In the fall of 2023, Jack decided to start taking Man_Hunt to the next
level by turning it into an app. It took about five months of development before the app was ready to be released on the app store in February of this year. “Back in high school, we had used the iPhone’s Shortcuts App to automate sending our locations to each other. It worked, but it was finicky and a pain to set up. That was the big driver for me making the app. I wanted it to be easier for everyone to play,” Jack said. The target audience for the app are people between the ages of 16 to 22 years old, who like to stay active. Man_Hunt allows you to play with friends as long as everyone has the app downloaded and ready to go!

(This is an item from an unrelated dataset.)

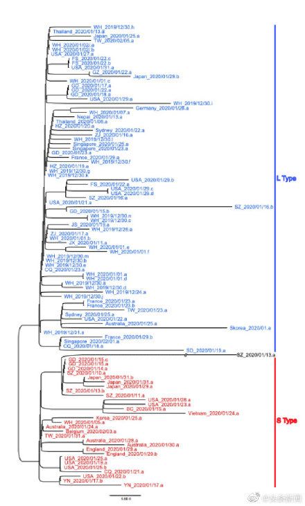 中国科研团队最新发现显示:新冠病毒已产生149个突变点,并演化出了两个亚型,分别是L亚型和S亚型。研究发现,在地域分布及人群中的比例,这两个亚型表现出了很大测差异。其中S型是相对更古老的版本,而L亚型更具侵略性传染力更强。

Recently Jack was awarded funds from the Oregon Innovation Challenge through the business school. These funds will go towards promoting the app as well as future development for Man_Hunt Pro; an expansion of features in the base app. The estimated release date for Man_Hunt Pro is towards the end of May. “By paying for Man_Hunt Pro, as opposed to the regular free version of Man_Hunt, you get a lot more options for match customization. It allows the people who really enjoy Man_Hunt to better tailor the game to their needs,” Jack says. The new update will have lots of new match options such as; allowing the targets to become hunters once they are tagged, giving the targets access to see the same map that the hunters use to get farther away from them, and the ability to restrict the area that the game is being played in.